It’s nice to have friends in high places. It’s not so nice to see those friends unfairly pilloried by journalists intent on collecting another scalp.
First it was Obama adviser Samantha Power, who was accused by some on the right of being anti-Israel on the basis of evidence that was, to put it charitably, ambiguous. Now it’s John McCain’s chief foreign policy adviser, Randy Scheunemann, who is being labeled as-gasp-a lobbyist. This heinous charge has been hauled out in the New York Times, USA Today, and now the Wall Street Journal.
There is a difference, of course: While Power is not really anti-Israel, Scheunemann really has been a lobbyist. The question is: What’s wrong with that?
All of the reporters who have written about the issue try to insinuate that something nefarious is going on without actually coming out and saying what it is. Today’s Wall Street Journal article by Mary Jacoby is a classic in the genre known in Washington as “appearance of a conflict of interest”-i.e., not an actual conflict but something that can be made to look that way through selective juxtaposition of acts.
Thus Jacoby notes that Randy has lobbied on behalf of Romania, Latvia, Georgia, and Macedonia while those countries were seeking admission to NATO. She then notes that McCain has been in favor of admitting all those countries to NATO. The inference readers are supposed to draw is that there is something untoward going on here. Only in the final line of the article do we get the evidence that dispels these insinuations:
“Sen. McCain’s been for NATO enlargement since the mid-1990s,” said Mr. Rogers, the McCain spokesman. “His record speaks for itself.”
In other words, McCain (whose campaign I advise on foreign policy issues) was in favor of NATO expansion long before Randy was lobbying on those issues. Anyone who knows either McCain or Scheunemann would laugh at the notion that their support for the embattled democracies of Eastern and Southern Europe is the result of payoffs from those countries.
Randy represents those emerging democracies because he believes in expanding freedom-something that he has pushed for in other contexts without earning any money for it. He was, for instance, one of the founders of the Committee for the Liberation of Iraq. Randy has been pushing for NATO expansion since the mid-1990s when he was not a lobbyist at all but Senator Bob Dole’s chief foreign policy adviser.
Unlike some other lobbyists, he doesn’t represent dictatorial or anti-American regimes. And he is so dedicated to McCain that he spent the period between June of 2007 and March of 2008 working as his chief foreign policy adviser for free. Now he has given up his lobbying income to work on the campaign for a fraction of what he was earning.

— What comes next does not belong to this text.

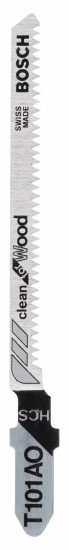 Пилка Bosch T 101 AO довжиною 82 мм, з поверхнею з зубцями 59 мм, з кроком зубців 1,4 мм, 19 TPI. Із високовуглецевої HSC сталі. Виконує чисте, криволінійне різання м'якої деревини та ДСП товщиною 1,5-15 мм. В упаковці 2 шт.

Again: What is it exactly that he has done wrong? USA Today writes:
While not illegal or a breach of Senate ethics rules, Scheunemann’s lobbying of McCain’s staff as he was advising the campaign comes to light a week after McCain announced a new policy to avoid such conflicts. The new conflict-of-interest policy prohibits campaign workers from being registered lobbyists or foreign agents and bans part-time volunteers from policy discussions on issues involving their clients. Campaign spokesman Jill Hazelbaker said the ethics policy is not retroactive.
So what Randy has done is not illegal. It’s also not unethical under Senate ethics rules or the more stringent ethics rules of the McCain campaign. Now that the candidate has banned lobbyists from the campaign, Scheunemann has stopped lobbying. Which suggests that there is no story here.
Or perhaps that the real story is that reporters are so desperate to bring McCain down a notch that they will try to concoct nonexistent scandals about his aides. The fact that, outside of Mickey Kaus’s blog, there is a notable lack of outrage over Senator Obama picking a major lobbyist to lead his vice presidential search effort only makes the artificiality of this non-scandal all the more apparent.